In comparison, preserved within wild and uncultivated legumes species (of which there are literally hundreds!) is likely to be a treasure trove of genetic variation. Having not been pushed through the bottleneck of domestication, this wild gene pool will be more diverse 3. Moreover, having adapted to fend for themselves under harsh, unregulated conditions, wild species are expected to display morphology or behavior that confers hardiness and self-sufficiency.
To breed self-sustaining and resilient farming crops, we should exploit self-sustaining and resilient genes 3. This process is far from easy or straightforwards but there are many national and international organizations currently working to do just that.
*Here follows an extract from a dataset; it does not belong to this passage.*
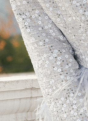 Wardrobes by Chen Gorgeous Fog Blue Embroidery Feather Tassel Suit-Moet
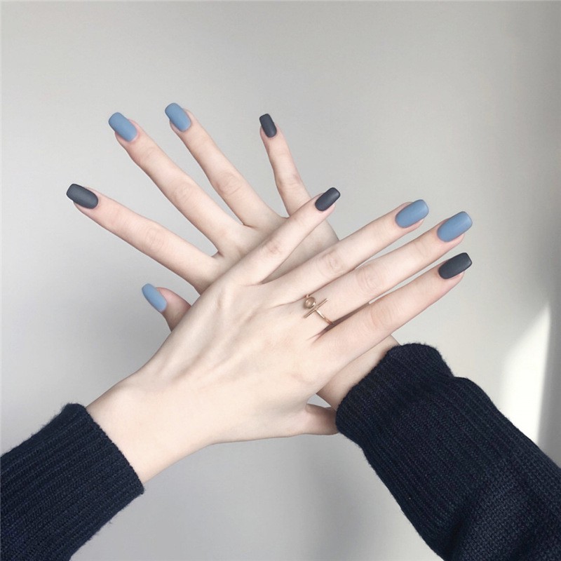 24pcs Ins Style Matte Blue Black Fake Nails Finished Solid Color Square Head False Nails Art Shopee Philippines

Scientific Institutions like CGIAR, CIAT and ICARDA. In the next installment, I aim to provide a more detailed exploration of their work – past, present and future – towards ‘Climate Proof’ legumes.
Without this vital research in his corner, Mr. Peanut faces a devastating ‘KO’ in the ring….
1 -Hoegh-Guldberg, Ove, Daniela Jacob, M Bindi, S Brown, I Camilloni, A Diedhiou, R Djalante, K Ebi, F Engelbrecht, and J Guiot. 2018. ‘Impacts of 1.5 C global warming on natural and human systems’, Global warming of 1.5 C. An IPCC Special Report.
2 -Malhi, Yadvinder, and James Wright. 2004. ‘Spatial patterns and recent trends in the climate of tropical rainforest regions’, Philosophical Transactions of the Royal Society of London. Series B: Biological Sciences, 359: 311-29.
3- Mitchell, ML, HC Norman, and RDB Whalley. 2015. ‘Use of functional traits to identify Australian forage grasses, legumes and shrubs for domestication and use in pastoral areas under a changing climate’, Crop and Pasture Science, 66: 71-89.
4 -Trenberth, Kevin E. 2006. ‘The impact of climate change and variability on heavy precipitation, floods, and droughts’, Encyclopedia of hydrological sciences.
5 –Lal, R. 2018. ‘Erosion impact on soil quality in the tropics.’ in, Soil quality and soil erosion (CRC Press).
6 -Moon, J, WK Lee, C Song, SG Lee, SB Heo, A Shvidenko, F Kraxner, M Lamchin, EJ Lee, and Y Zhu. 2017. ‘An introduction to Mid-Latitude ecotone: Sustainability and environmental challenges’, Siberian Journal of Forest Science, 6: 41-51.
7 -Henry, BK, RJ Eckard, and KA Beauchemin. 2018. ‘Adaptation of ruminant livestock production systems to climate changes’, Animal, 12: s445-s56.
8 -Delgado, Christopher L, Mark W Rosegrant, and Siet Meijer. 2001. “Livestock to 2020: The revolution continues.” In
9- Abberton, Michael, Jacqueline Batley, Alison Bentley, John Bryant, Hongwei Cai, James Cockram, Antonio Costa de Oliveira, Leland J Cseke, Hannes Dempewolf, and Ciro De Pace. 2016. ‘Global agricultural intensification during climate change: a role for genomics’, Plant biotechnology journal, 14: 1095-98.